17.1 News Reaches Medina
Mohamed had sent two men on ahead to Medina with the news of victory .They entered the city through different gates and began to call out the good news. The Muslims in Medina were overjoyed and much relieved, for they were aware of the might of Quraysh and the meager condition of their own army, but the Jews, the Polytheists, and the Hypocrites (those who had pretended to enter into Islam but had not) were shocked and grieved. At first they did not believe the emissaries and they could not bear the idea that the Muslims should have been victorious. They saw Zayd ibn Al-Haritha, Mohamed's retainer, on the Messenger's white mule and assumed that Mohamed and his men had all been killed and that Zayd was overwrought because of the horrors he had seen at the hands of Quraysh. They pointed out that Zayd would not be riding Mohamed's mule if the latter were alive. When they discovered that Zayd spoke the truth and the names of the Qurayshi nobles who had been killed in battle were read out to them, they were alarmed and depressed. The Muslims already had considerable influence in Medina and if they really had defeated Quraysh, then they would soon be masters of the city. They could not hide their envy and frustration. One of the Jews said,

"It would be better to be under the earth today than on top of it, now that the noblest and greatest of men after the kings of the Arabs, the inhabitants of the Sacred Sanctuary, have been killed."

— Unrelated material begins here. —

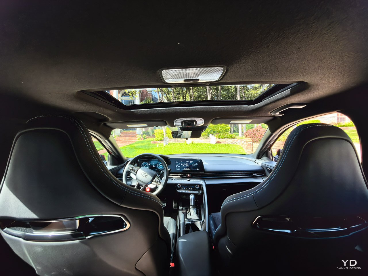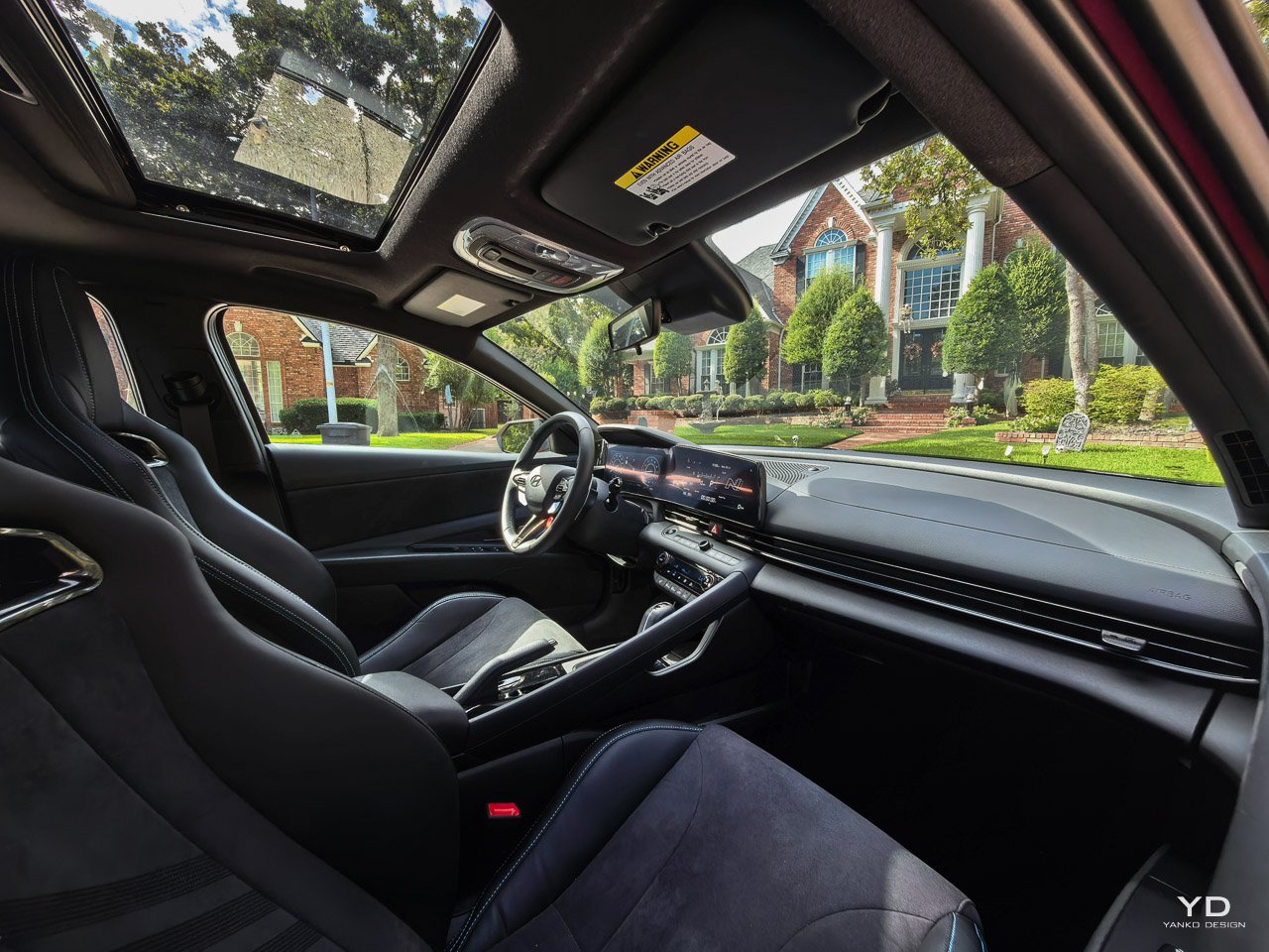 Air is managed with purpose outside; inputs are managed with equal intent inside. The N-mode buttons live exactly where your thumbs fall, the paddles are immediate, and the thick-rim wheel keeps your hands quiet and steady. Grippy suede on key touch zones favors control over flash. The heavily bolstered seats don’t just photograph sporty. They hold you when lateral loads build, without punishing you in the commute. Seat bolstering and hip-point height align with the car’s low roll attitude, so you feel the chassis working rather than bracing against it.

It seems curious that the Jews' sympathy should be with the polytheists who worshipped idols, rather than the Muslims who worshipped Allah like them, but they believed that they were the chosen people and that no other people had a right to receive a Messenger from Allah. They resented the Muslims because they worshipped Allah like them, and could never forgive Mohamed for being a prophet. Add to this their struggle to be the dominant power in Medina and their reaction becomes understandable.